E-1 Visa- Treaty Traders And Family:
Eligibility: The following individuals and entities will be eligible for an E-1 visa.
Executives, managers and specialists of a treaty nation company, which maintains operations in the U.S.
Immediate family members of current E-1 visa holders.
Nationals of treaty countries entering the U.S. to partake in substantial trade.
Companies in treaty countries sending personnel to manage the U.S. affiliate or branch OR companies in treaty countries sending personnel to setup a U.S. company.
Treaty Countries Include:
Argentina, Australia, Austria, Belgium, Bolivia, Bosnia and Herzegovina, Brunei, Canada, Chile, China (Taiwan), Colombia, Costa Rica, Croatia, Denmark, Estonia, Ethiopia, Finland, France, Germany, Greece, Honduras, Iran, Ireland, Israel, Italy, Japan, Jordan, Korea (South), Latvia, Liberia, Luxembourg, Macedonia (the Former Yugoslav Republic of (FRY)), Mexico, Netherlands, Norway, Oman, Pakistan, Paraguay, Philippines, Singapore, Slovenia, Spain, Suriname, Sweden, Switzerland, Thailand, Togo, Turkey, United Kingdom, Yugoslavia.
Trade: 8 C.F.R. §214.2(e)(9), 22 C.F.R. §41.51(a)(7) and (8), 9 FAM 41.51 N.4. Trade has been defined trade as “the existing international exchange of items of trade for consideration between the U.S. and the treaty country.”
Domestic trade will not be considered when determining what qualifies as substantial trade.
DOS has defined items of trade to “include but are not limited to goods, services, international banking, insurance monies, transportation, communications, data processing, advertising, accounting, design and engineering, and management consulting.”
Goods: “tangible commodities or merchandise having extrinsic value.” Services: “legitimate economic activities, which provide other than tangible goods.” 62 Fed. Reg. 48138-01 at 48141 (Sept. 12, 1997).
“Principal” Trade: According to 8 C.F.R. §214.2(e)(11), 9 FAM 41.51 N.7:
Trade must be mostly between the treaty country and the U.S. Only international trade will be considered.
If the business conducts more than 50% of its international trade with the U.S., then each E-1 owner is not required to have more than 50% of trade.
“Substantial”: According to 8 C.F.R. §214.2(e)(10), 22 C.F.R. §41.51(a)(9), 9 FAM 41.51 N.6:
The volume of international trade insures a continuous flow between the U.S. and the treaty country.
Substantial trade cannot be based on one single transaction.
Trade includes binding contracts requiring an immediate exchange of goods.
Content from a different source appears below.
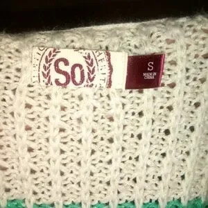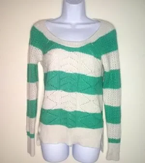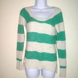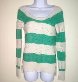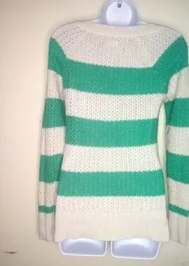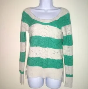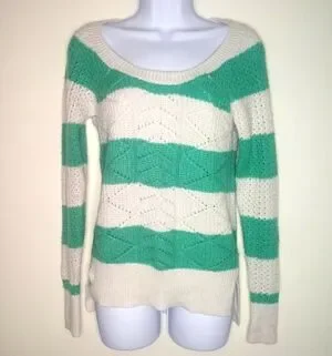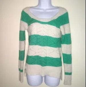SO green and white striped knit sweater with a Deep scoop neck ribbed cuffs and hem slightly longer in back with side vents for layering
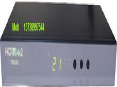 新版HDMI矩阵,4进2出_4X2,深圳HDMI矩阵厂家深圳雨涵科技有限公司最新研发的HDMI矩阵4X2带USB接口,支持RS232协议,支持红外延长功能,前面板采用数码显示,外形靓丽,指示灯光线柔和.毫不刺眼.这款新版的HDMI矩阵特别受到买家的亲睐.HDMI矩阵新方案4X2产品操作指南:A. 重启或者复位时,会默认输入信号1.。B. 状态显示灯;当其中一个信号源或者信号输出端处于工作状态的时候,相对应的LED灯会亮。当任意一个信号源切换到某一个信号输出端时,与信号源相对应的LED灯会变亮。C. 无信号损失D. 安装简单E. 外置5V/2A的电源适配器. 雨涵HDMI矩阵新方案4X2基本参数.1. 四路HDMI信号输入切换或分配到两个HDMI 信号端2. 任意一个信号端都可以通过光纤或者立体声耳机实现音频独立输出3. 兼容HDCP 1.24. 支持HDMI-CEC5. 支持36位真彩6. 支持蓝光DVD24/50/60fs/HD-DVD/xvYCC7. 支持音频格式DTS-HD/Dolby-trueHD/LPCM7.1/DTS/DOLBY-AC3/DSD8. 支持信号时序重整9. 使用AWG26 HDMI 1.3版本的标准线缆,输入传输距离可达15米,输出传输距离可达25米。10.HDMI矩阵4X2输入端可以通过红外线进行遥控切换,也可以直接摁按钮进行控制。11.HDMI矩阵新方案前面板采用数码管显示,光线柔和,毫不刺眼.12.带USB接口支持RS232协议,与PC同步.方便操作 以上是HDMI矩阵4X2的详细信息,如果您对HDMI矩阵4X2的价格、厂家、型号、图片有什么疑问,请联系我们获取RS232雨涵HDMI矩阵4X2的最新信息。

The volume of exchanges will be given more weight than the value of those exchanges.
Smaller Businesses: The income from the value of multiple transactions, sufficient to support the trader and his/her family, will be a favorable factor in the assessment of the existence of substantial trade.
Nationality of Corporation:
If a foreign corporation owns a U.S. entity, the nationality of the foreign corporation will be determined by its owners and not by its place of incorporation or the location of the company’s business activity.
Publicly Traded Companies: The company’s nationality will be determined by where its stock is physically listed and traded on the stock exchange.
LPRs from the treaty country who own stock in a U.S. company cannot have their stock considered in determining the nationality of the company. E or non-E nationals of the treaty country who are not LPRs can have their stock considered in determining the nationality of the company. 9 FAM 41.51 N.14.1.
To employ individuals from the treaty country, it is necessary that at least 50% of the corporation is owned by individuals who are treaty country nationals and who maintain E status if they reside in the U.S., or if they do not reside in the U.S., they would be eligible to be E non-immigrants.